Il faut plus d'une écoute pour se faire une idée de ce disque. On sera d'abord happés par la vague seventies qui inonde littéralement la majorité des compositions avant de percevoir ce qui fait toute l'originalité de ce groupe.
Depressive Art revisite donc les seventies (voir les années 80), mais très loin de l'évocation pince sans rire ou de la réinterprétation décalée (comme l'avaient idéalement réalisé Dukes of Stratosfear). Réveillant des fantômes, les musiciens se battent pied à pied pour les faire tenir debout et leur insufler une nouvelle vie, le tout dans une ambiance festive obstinée et déployant pour y parvenir une énergie propre à déplacer des montagnes.

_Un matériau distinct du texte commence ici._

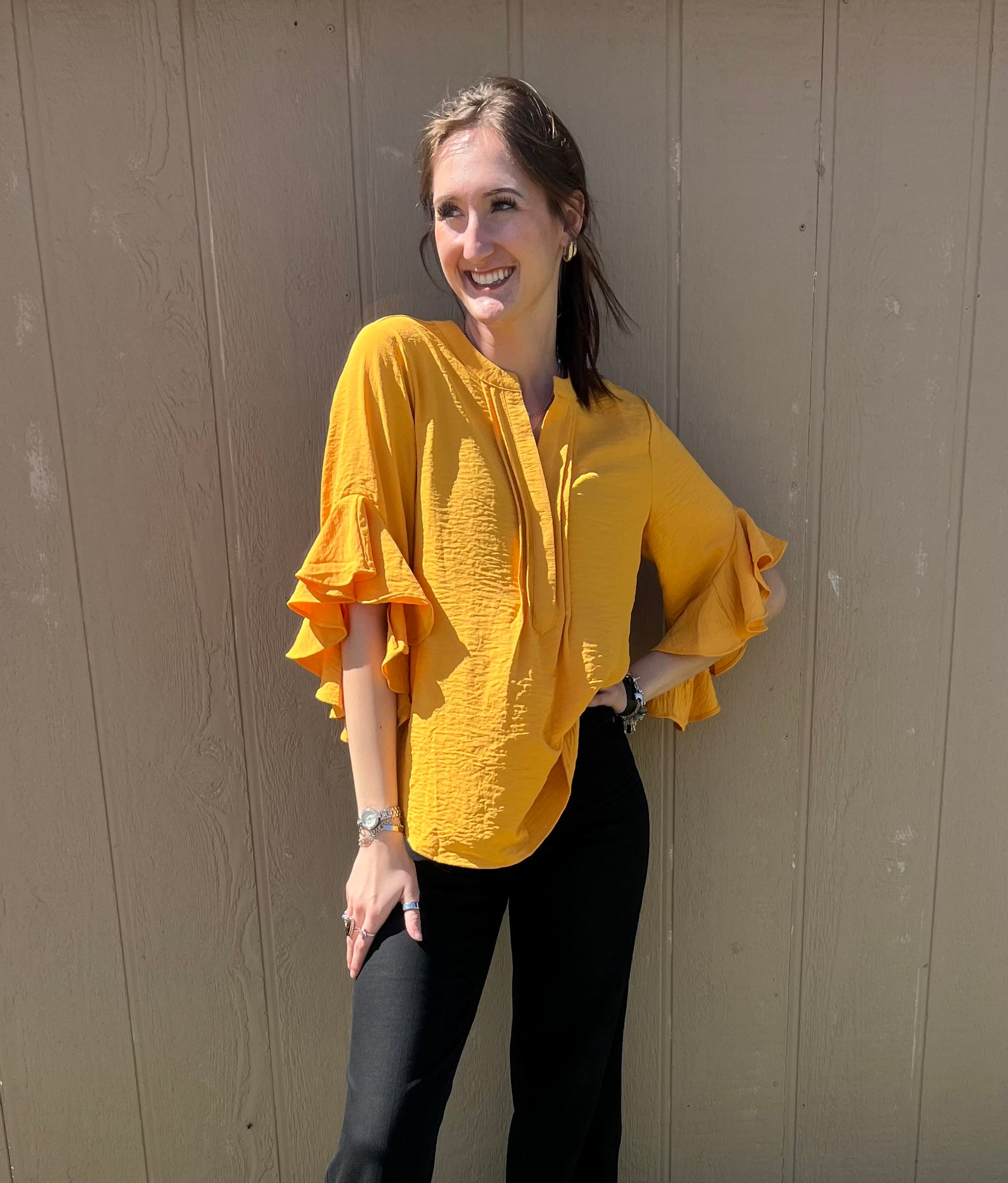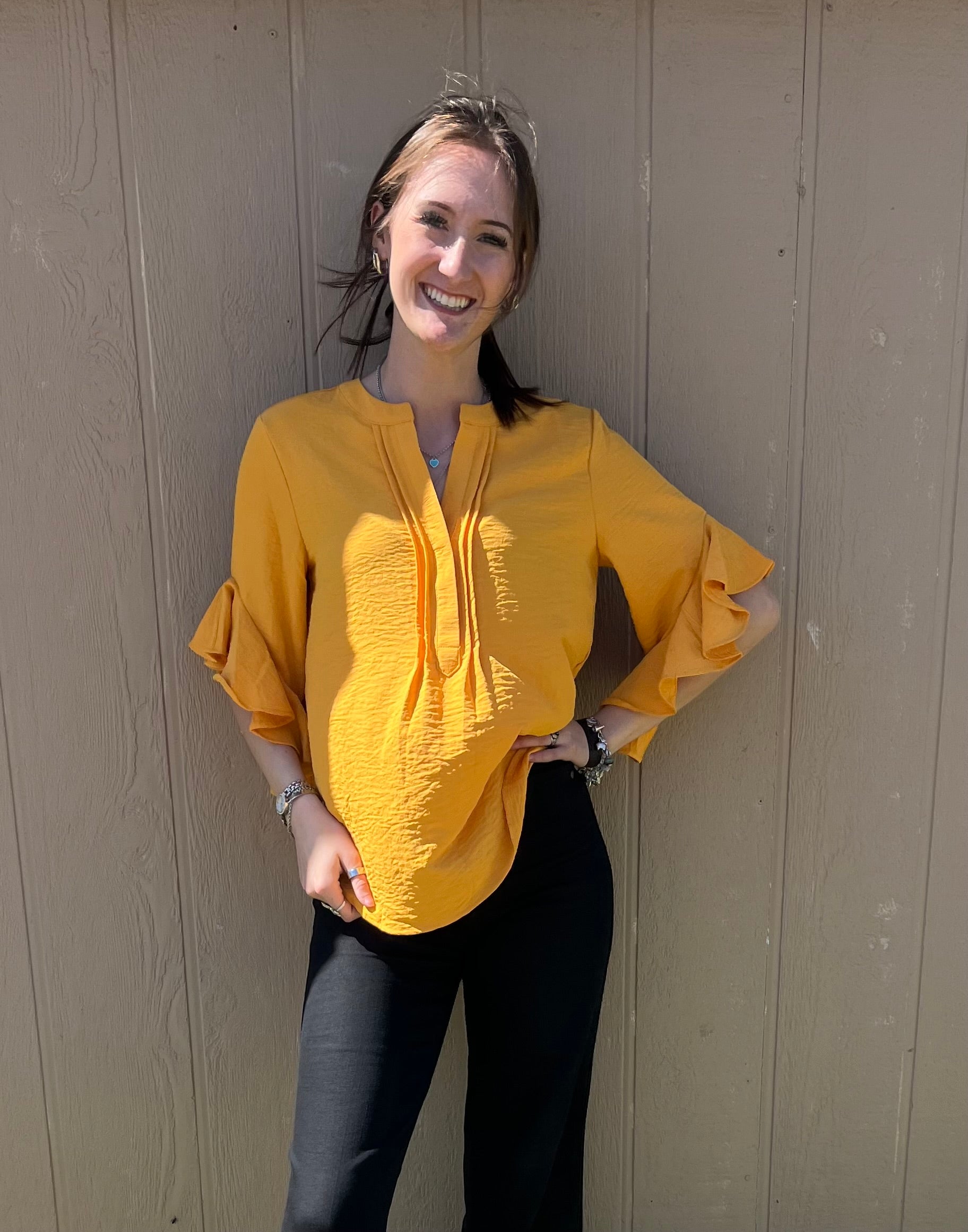 Half ruffle sleeve, beautiful rich yellow color

Bye Bye Dear Everything s'avère, finalement, un disque tout à fait actuel malgré ses tentations nostalgiques, révélateur des inquiétudes d'une époque atteinte de consumérisme galopant et ayant définitivement renoncés à tout ses rêves. Tout en tentant de réanimer les idéaux perdus d'une époque révolue, Depressive Art sonne le glas des festivités (Breastfed Lies et son ambiance fin de fête et début de gueule de bois, ou la panique contenue de Old Man's Quarter); raison de plus pour s'amuser sans compter pendant que l'orchestre est encore là.